Zadar’da tek olağanüstü güzelliğe sahip yer bu adalar değil. Amerikalı gerilim filmleri yönetmeni Alfred  Hitchcock, 1964 yılında Zadar’ı ziyaret ettiğinde dünyadaki en güzel gün batımının Zadar sahilinden seyredildiğini söylemiş. Tabii bu sözü duyan herkes de günbatımına doğru deniz kenarında yoğunlaşıyor. Hatta günbatımı turları bile var ama giderseniz o turlara para vermeye hiç gerek yok.
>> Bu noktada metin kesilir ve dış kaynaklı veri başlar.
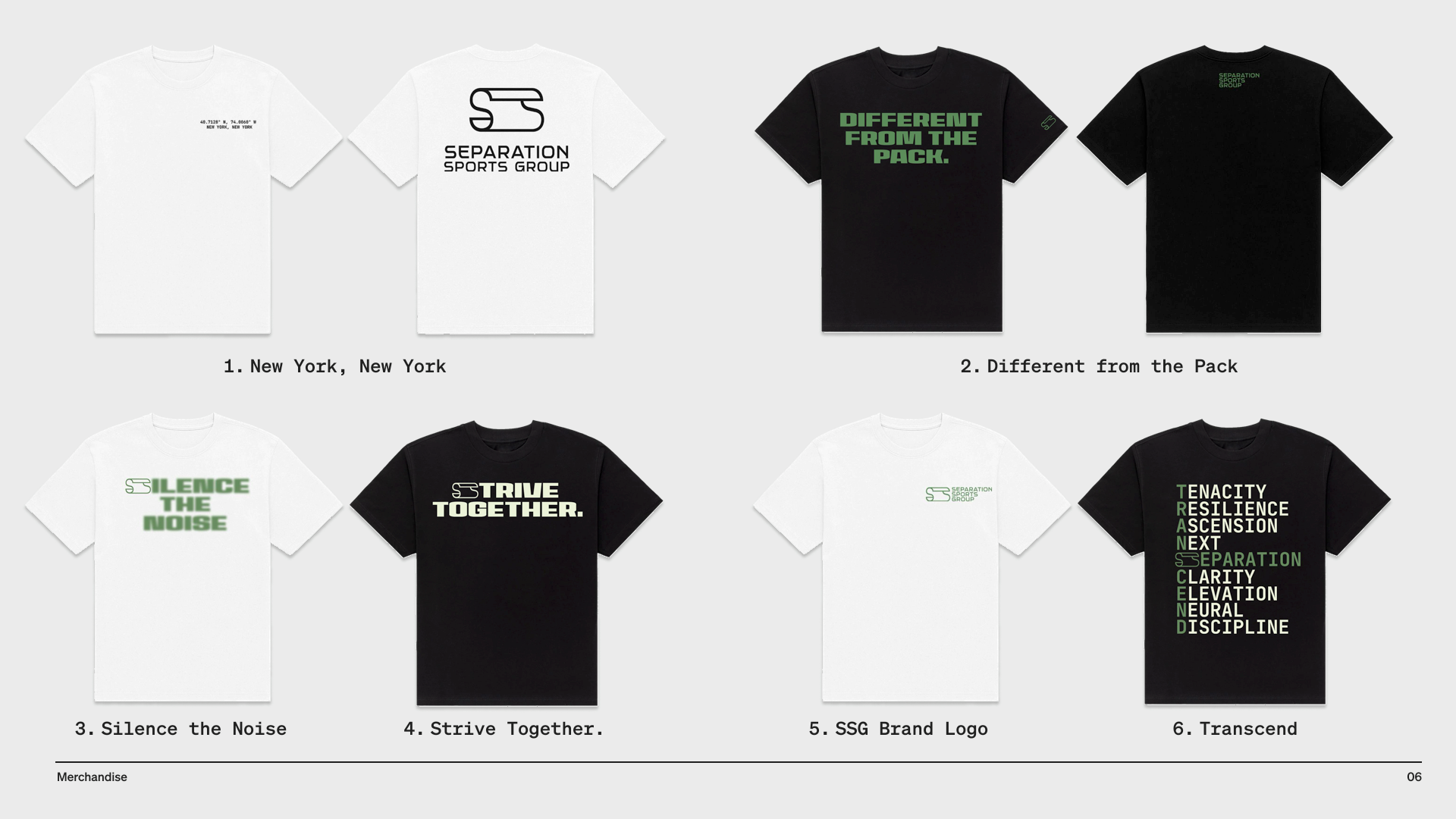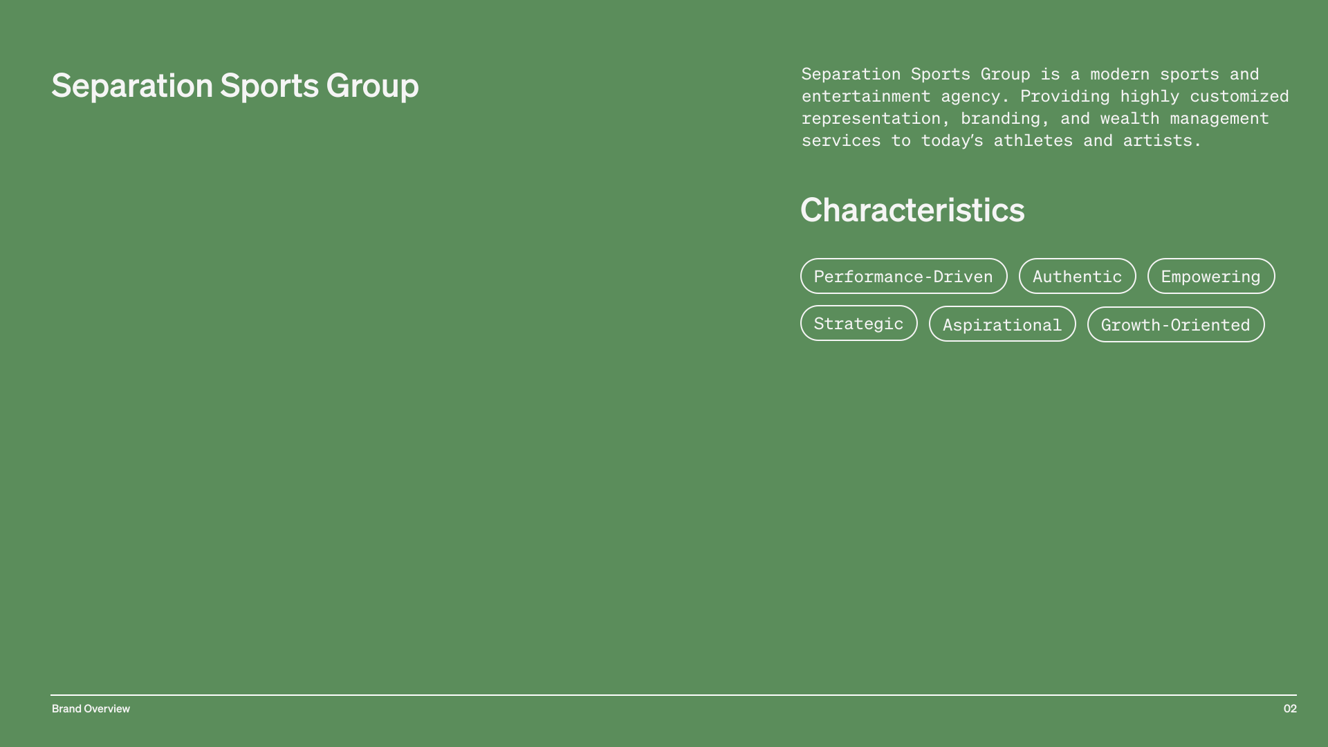 The resulting identity positioned Separation Sports Group (S²G) as a modern, forward-thinking sports and entertainment agency built for today’s athlete-entrepreneurs. The name and mark work together to clearly separate S²G from legacy representation, signaling a more customized, partnership-driven approach to building long-term value. The extended “S” conveys momentum and differentiation, while S²G functions as a concise, memorable name with the flexibility to grow into a recognizable household brand.

Sahilde de aynı manzara mevcut.
Biz de Zadar’da kaldığımız süre boyunca kuzey ışıklarını bekler gibi gün batımını bekledik. İlk iki gün hava bulutluydu ama son gün güneşin Zadar’daki gösterisine şahit olduk. 2005’te ödüllü Hırvat Mimar Nicola Basic, Hitchcock’tan da esinlenerek okyanus dalgaları ile etkileşim kurmak için deniz duvarının bazı kısımlarını yeniden tasarlamış ve sahile bir deniz orgu yerleştirmiş. Bu org sayesinde dalgaların notalarını duymak ve denizin müziğini dinlemek mümkün.

Zadar kıyıları, deniz orgu
EN ÇOK ALKIŞI ALAN DOĞANIN GÖSTERİSİ

Son gün biz de bu deniz orgunun üzerindeki yerimizi aldık ve basamaklara oturduk. Bizim gibi çok sayıda insan da basamakları doldurdu. Kimseden çıt çıkmıyordu. 19.00’da güneşin görülmesiyle birlikte alkış kıyamet koptu. Sonrasında güneşin gösterisi başladı. Dalgaların deniz orgu borularına çarpışı ve çıkardığı notalar duyuluyordu sadece. Güneş önce üzerindeki bulutları dağıttı yavaş yavaş, sonra da tostoparlak haliyle gökyüzünü kızıla boyadı. Görünen tepeciklerin ardından batarken bir kez daha alkış kıyamet koptu. Hayatımda gördüğüm en çok alkış alan gösteriydi.

Zadar, gün batımı

Bu anıların ardından birkaç yıl önce haber için gittiğim Göcek’i anımsadım. Hafızamda hep zenginlerin tatil yaptığı bir coğrafya olarak yer tutuyordu. Göcek’e gidince bu önyargımın aslında ne kadar doğru olduğunu fark etmiştim çünkü Göcek’te halkın denize girebileceği bir yer bile yoktu. Sahil boyunca denizle yürüyüş yollarının arasında tel örgüler vardı. Yani bırakın denize girmeyi, denizle temas etmek bile çok zordu. Bazı mahkeme kararlarının ardından tel örgüler kaldırılmış ancak halkın hala denize girebileceği en yakın yer 5 km uzaklıktaki İnlice plajıymış. Sonra tekrar düşündüm. Sahiden doğanın bir parçası olan kıyılar kimin?

Göcek kıyıları, halka kapalı zenginlerin teknelerine açık.